The transmission module 103 outputs a transmission signal of a predetermined frequency to the ultrasonic transducer 21 of the transducer 2 via the switching module 105 under the control of the signal processing module 101. The ultrasonic transducer 21 transmits an ultrasonic wave (transmission wave 3) into the water based on the transmission signal. The ultrasonic transducer 21 receives a reflected wave of the transmitted ultrasonic wave and outputs a reception signal having a magnitude corresponding to the intensity of the reflected wave to the reception module 104 via the switching module 105. The switching module 105 switches transmission and reception of signals to and from the ultrasonic transducer 21.

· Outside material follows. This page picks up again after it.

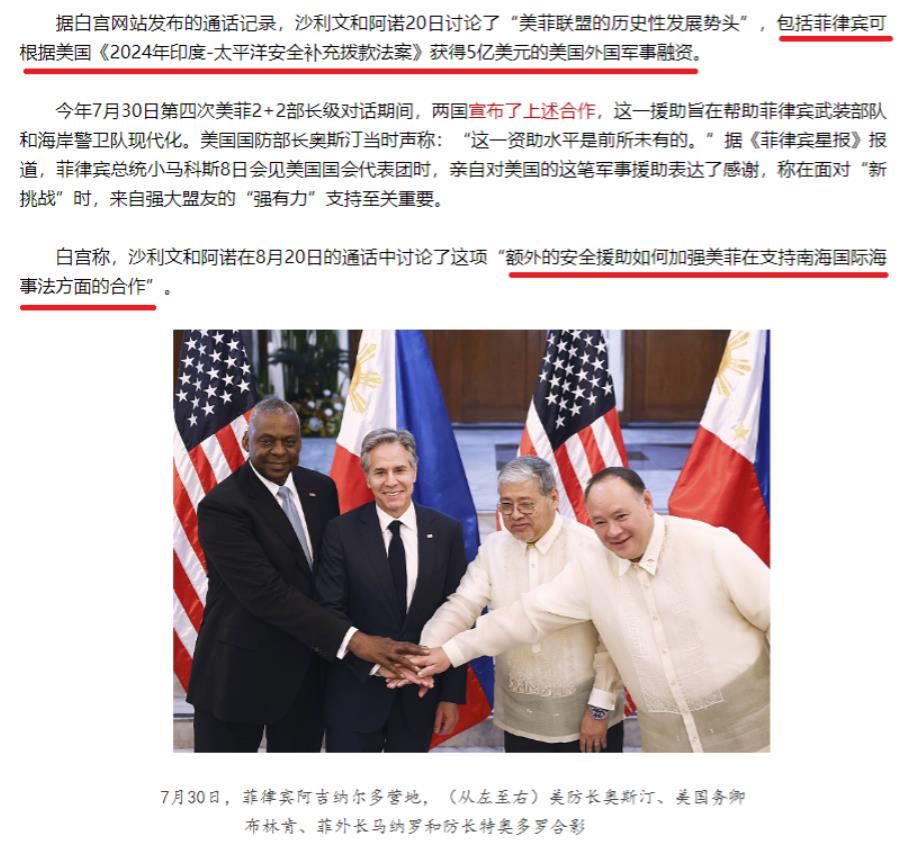 根据白宫网站20日发布的通话记录,总统国家安全顾问沙利文再次向菲律宾国家安全顾问阿诺确认了5亿美元援助承诺的有效性,但是也依然没有说定具体打款时间。不仅如此,沙利文还代表美方给菲律宾画了一个圈,要求美国提供的安全援助只能用在“南海事务”。所以美方也是同样不装了:你菲律宾拿了我的钱,就必须在南海继续搞事,想把援助花在其他地方是门都没有的。

The reception module 104 generates echo data indicating an echo intensity for each depth based on a reception signal from the ultrasonic transducer 21. Specifically, the reception module 104 generates, as echo data, data in which an elapsed time from a timing at which the ultrasonic wave (transmission wave 3) is transmitted is associated with the intensity of the reflected wave, and outputs the generated echo data to the signal processing module 101. Here, the elapsed time from the timing at which the ultrasonic wave is transmitted corresponds to the depth.

The intensity of the reflected wave attenuates as the depth increases. Therefore, the reception module 104 corrects the intensity of the reflected wave that attenuates according to the elapsed time and outputs the echo data with the corrected intensity to the signal processing module 101 in order to be able to quantitatively handle the echo data regardless of the difference in depth. This correction process may be performed by the signal processing module 101 instead of the reception module 104.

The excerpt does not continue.